No livro do STF, Toffoli defende a abertura do Inquérito das Fake News. Ele alega que o contexto era proteger a corte de “ataques” (ou seja, meras ofensas verbais). “No início, a medida foi alvo de críticas e incompreensões”, escreveu o ministro. “Mas, com o aprofundamento das investigações, o inquérito passou a ter amplo apoio das entidades, da sociedade civil e da opinião pública”.
Truco! Não encontrei uma só pesquisa sobre a popularidade do Inquérito do Fim do Mundo (como chamou Marco Aurélio) em institutos de renome. O que existe são pesquisas sobre a popularidade de Moraes, à frente da “investigação”, e do próprio STF. Em dezembro de 2023, o Datafolha registrou uma queda na aprovação do STF de 31% para 27% em um ano.
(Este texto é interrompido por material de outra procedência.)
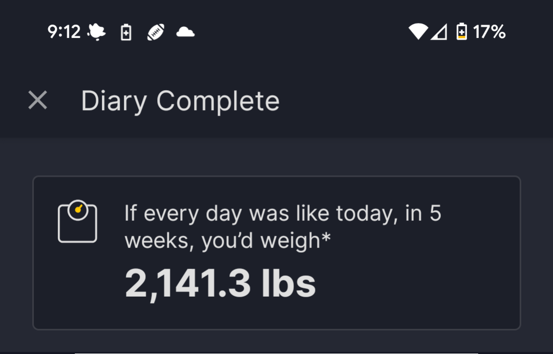 When I hit under my calorie target, the app I use likes to tell me I’m going to be 98 lbs by my target date. I don’t think so lol.

Até o fim de 2024, o PoderData registrou que a aprovação do Supremo caiu ainda mais, para 12%. Agora, 43% dos brasileiros consideram o trabalho do tribunal ruim ou péssimo, 34% consideram regular.
O Datafolha também mostrou que um terço dos brasileiros consideram a atuação de Alexandre de Moraes ruim ou péssima. Isso foi em março de 2024, antes do ousadíssimo banimento da rede social X por 40 dias.
Uma ausência gritante no capítulo de Toffoli é a censura contra a reportagem “O amigo do amigo de meu pai”, da revista Crusoé, a primeira vítima do inquérito. A reportagem, que acusa Toffoli de ter este pseudônimo na lista de propina da Odebrecht nos esquemas revelados pela Lava Jato, não se revelou fake news, mas true news. De fato, o silêncio às vezes tem uma grande eloquência.
Para resumir minha resenha do livro do STF: evite, ou a leitura pode desinformar o leitor profundamente.